Song by Les Paul and Mary Ford
- Written: 1954
- Published: 1954
- Released: 1954
- Genre: Pop
- Label: Capitol Records
- Songwriter: Earl Chalmers Guisinger (as Guy Singer)

= Whither Thou Goest =

"Whither Thou Goest" is a popular song written by Earl Chalmers Guisinger, under the pseudonym Guy Singer. The song was published in 1954. The words are adapted from the Bible (Ruth 1:16-17) (King James Version).

The most popular version was recorded by Les Paul and Mary Ford. Other versions were made by Perry Como (for his album When You Come to the End of the Day), Bing Crosby in a medley on his album On the Sentimental Side (1962), George Morgan (see below), Mahalia Jackson (included in her album Great Songs of Love and Faith {1962}) and Leonard Cohen.

The recording by Les Paul and Mary Ford was released by Capitol Records as catalog number 2928. It first reached the Billboard magazine charts on October 6, 1954, and lasted 9 weeks on the chart, peaking at number 14.

"Whither Thou Goest" was recorded by George Morgan and released in early 1957 on a 12-inch Columbia 33 1/3 R.P.M. long play album entitled Morgan, By George!. The Columbia standard "Red Label" LP was recorded prior to the advent of stereo in monophonic high fidelity in 1956 and was released in the winter of early 1957. The LP contains three other songs of much stronger gospel origins, "Oh, Gentle Shepherd" by well-known songwriter Cindy Walker; "Mansion Over the Hilltop" and "Jesus Savior, Pilot Me". George Morgan's version of "Whither" is only two minutes and 13 seconds long on the LP and is performed in a medium-slow tempo at 3/4 metre and is composed mostly of lead guitars, a violin, muted rhythm cymbal, acoustic bass and a small background singing group containing a soprano singer who backs Morgan quite strongly in the mix. It is the second song on side B of the Columbia LP containing 12 songs in all. Though a "pop" song, radio stations across the United States continue to program George Morgan's version as a gospel selection to this day.

The song was performed live by Leonard Cohen since 1988 and was released on his album Live in London (2009).

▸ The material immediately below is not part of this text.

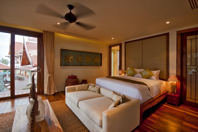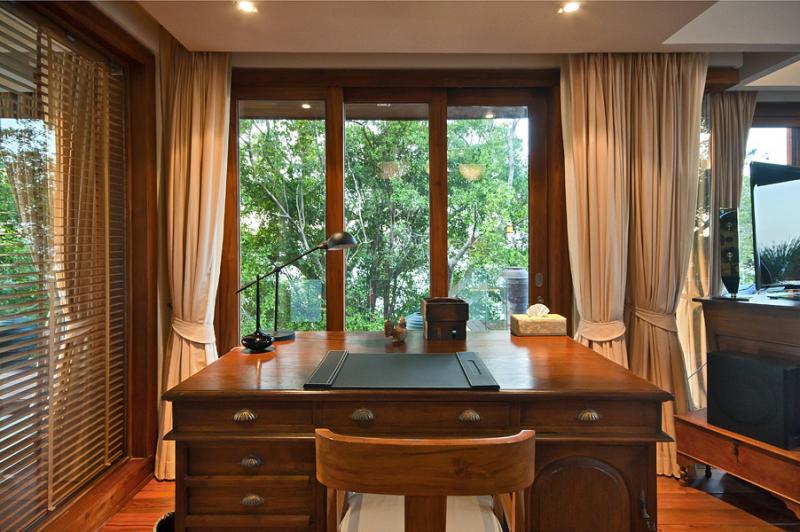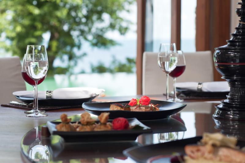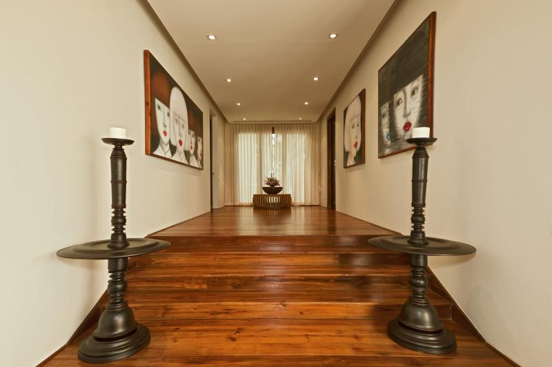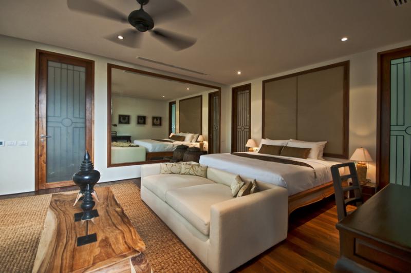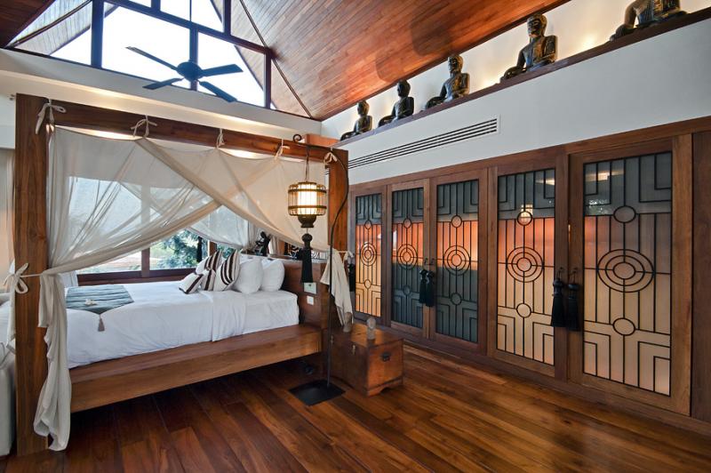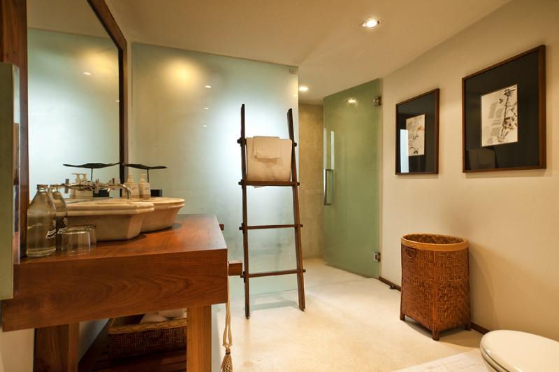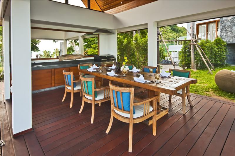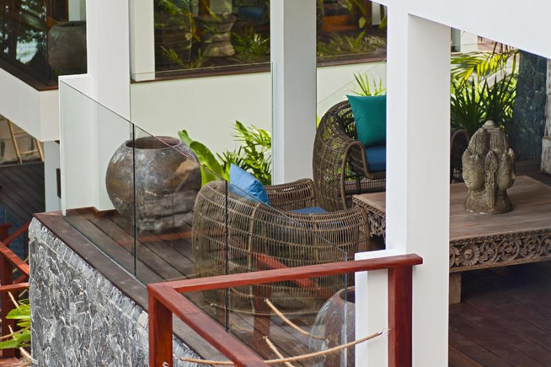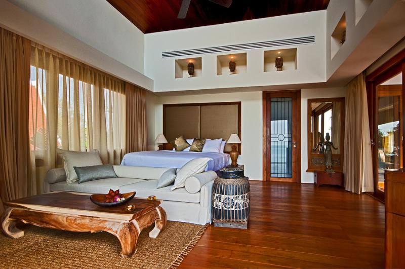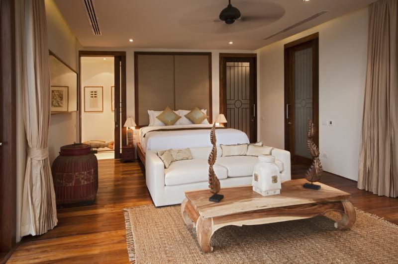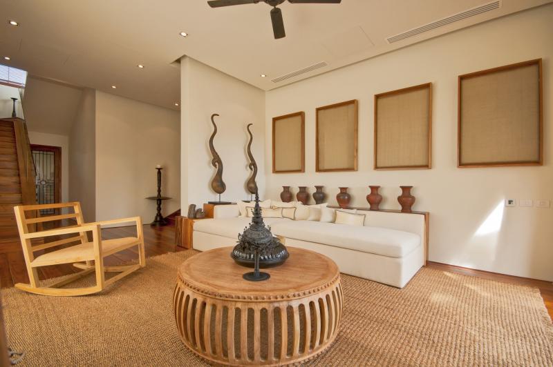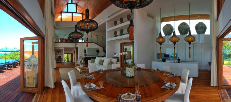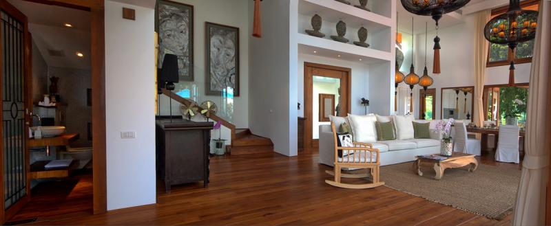 The main level begins with a majestic, stone-clad entrance that opens into a vaulted lounge and dining area furnished with fine contemporary Asian art and decor with wood and glass doors opening onto the large pool deck. The lounge extends into a spacious dining room with a 16-seater round solid Teak table, served by a fully fitted western show kitchen. A separate wet kitchen allows the staff to unobtrusively prepare meals for the guests.
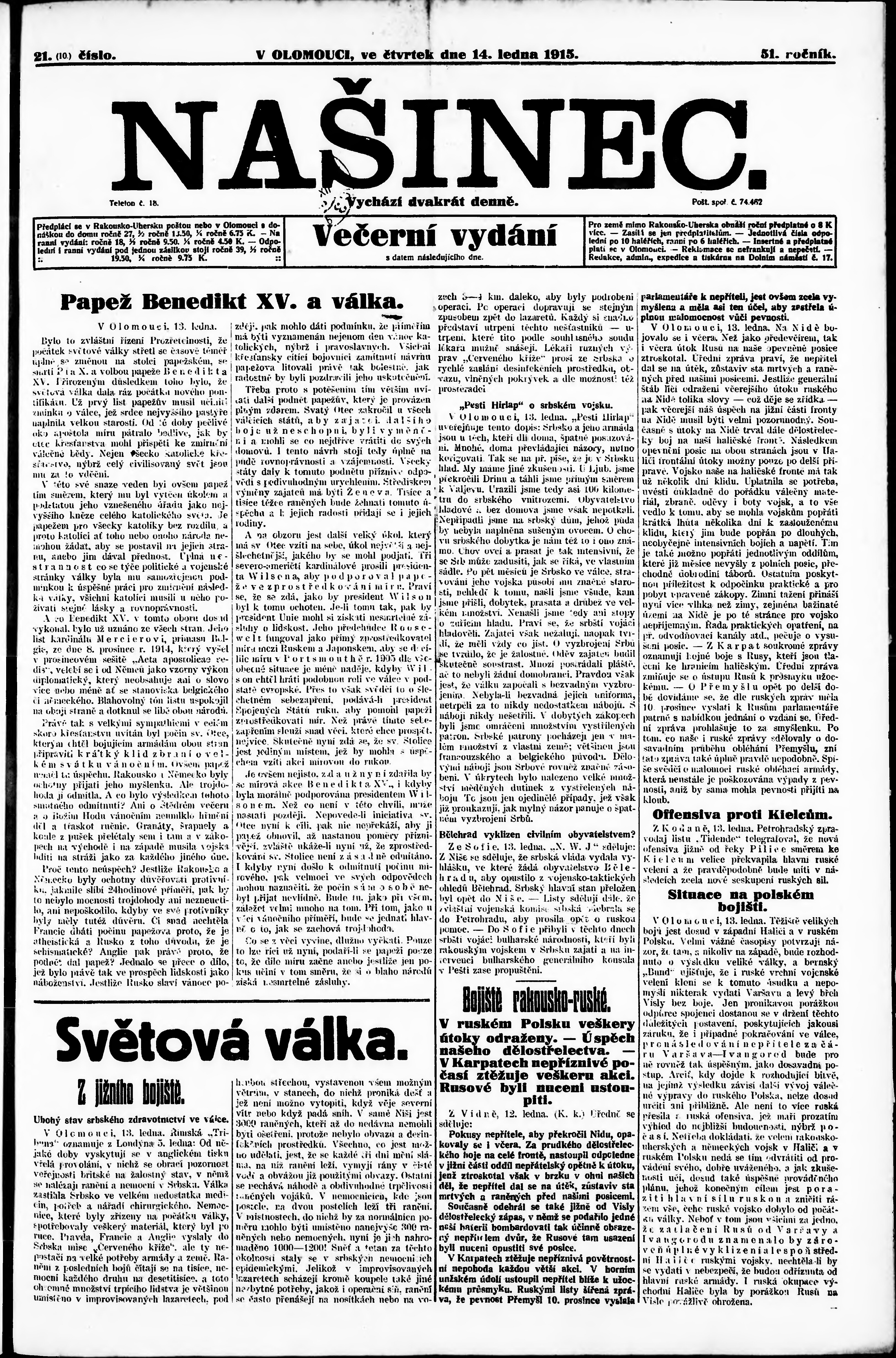 večerní vydání;

Additional Compositions of Ruth

James Dunne released a new composition of this story on September 10, 2019, entitled "Whither Thou Goest, I Will Go." His version begins with Naomi, whose emotional outburst of despair precipitates the first response from Ruth of the title line. The song is structured as a duet debate that ultimately ends with their reconciliation. The words from the Book of Ruth, Chapter 1, are used for the lyrics with some artistic license. For example, a chorus was added to explain "how" Naomi and Ruth reconciled, which is not explained in the Book of Ruth. That reconciling factor, proposed by James Dunne, is that of a third-party - the Lord. Upon that, Naomi and Ruth agree.